Omnivore followed by vegan:
This option is obviously a bit harder and slower because you have to eliminate all animal products in a very slow way. Just make sure you start with the easiest ingredients and don’t rush. At the same time, increase the plant-based foods in your daily diet. You’ll be a fully vegan when you have completely eliminated all animal products from your diet.
- You can start by removing all of the animal products that you’re sure you won’t miss.
- Simultaneously add more tofu, nuts, beans, legumes, whole grains and seeds into your diet.
- Continue to cut down on the animal products you think you’ll miss in the future.
- Don’t force it and remove one food group (or even type of food) at a time.
- Again, carefully read the ingredient lists; this way you’ll train yourself to avoid all animal-derived ingredients (even the less noticeable ones!)
The courageous one – Go full vegan:
As you might’ve already guessed, this is the hardest option you could pick. If you believe in yourself and in your strong motivation, then I’m pretty sure you can go vegan right away. But, as I said before multiple times, you can’t adopt veganism without properly informing yourself first about this issue.
Some things you should keep in mind:
- How to ensure optimal nutrition while following a vegan diet
- How to find out if a product is 100% vegan
- Grocery list creation – keep it healthy and clear
- Budget vegan recipes can save you
- FAQ for new vegans
Another good way to make the transition smoother is to make a habit of trying vegan alternatives to foods you love. Most of them are super high in protein and packed with lots of vitamins and minerals. Plus, they’re delicious!
Keep in mind that some veggie patties or meat replacements are highly processed and very harmful. It’s always best to make them at home if you can and it’s also way cheaper in the long run! You can, of course, consume this kind of foods from time to time but excess is never good. Some things to keep in mind:
- Cut out all animal-derived ingredients from your diet and add lots of healthy ones such as beans, legumes, tofu, whole grains, nuts, and seeds.

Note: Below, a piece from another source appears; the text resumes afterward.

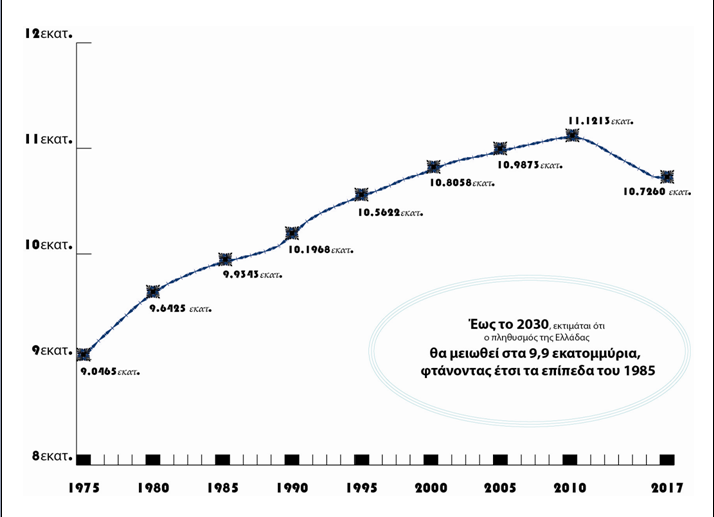 Αφότου ξέσπασε η οικονομική κρίση, ο συνολικός πληθυσμός άρχισε να μειώνεται, κυρίως λόγω της μετανάστευσης νέων στο εξωτερικό για σπουδές και εργασία, αλλά και της δεδομένης υπογεννητικότητας. Μεταξύ 2011 και 2016 η Ελλάδα έχασε σχεδόν το 3% του πληθυσμού της ενώ εκτιμάται ότι από 10,7 εκατομμύρια το 2017, ο πληθυσμός της χώρας μας θα μειωθεί στα 9,9 εκατομμύρια έως το 2030 και στα 8,9 εκατομμύρια έως το 2050, με συνέπεια η πρόσθετη μείωση να φτάσει το 18%.

This way you’ll make sure to have a healthy and balanced diet.
- Consume the vegan alternatives to your old favorite foods. This will make the transition faster and smoother.
Follow a vegan meal plan to make your transition to veganism easier!
Meal planning can help you a lot with veganism. One of the best things about this is that you won’t have to worry what you’re going to eat again! The delicious, fully personalized recipes are budget-friendly, healthy and super easy to make for anyone. You’ll even get super useful grocery lists! Check out my custom meal planner here.
How to deal with food barriers while adopting a vegan diet
I’m sure you thought of this: you want to become vegan but you’re so scared that you’ll have very strong cravings or it would be impossible for you to give up on some certain dishes. Don’t worry – this is completely normal! As you might’ve heard, the majority of vegans decide to adopt this kind of diet not because they don’t like the taste of meat, dairy or eggs, but because of health or ethical reasons.
As I said before, I really don’t recommend rushing when making this important transition or else you could be doomed to failure. Here’s some advice of how to deal with barrier foods:
- If you feel you cannot give up a certain food, find out more about how that thing is produced. Most of the times this is enough to help you make the right decision.
- Even though it might sound a bit extreme, it’s actually better to cut out all your barrier foods at the same time. After a few weeks of cravings, you’ll forget all of them – at once!
I hope you understood by now that veganism is not just a simple weight loss diet, but actually a very compassionate lifestyle. If you follow the advice in this article, I’m sure your transition to veganism will be smoother and easier!
Of course, you can’t be an authentic vegan if you refuse to find vegan alternatives for other products that surround you such as shoes, bags, clothing, personal care products and others!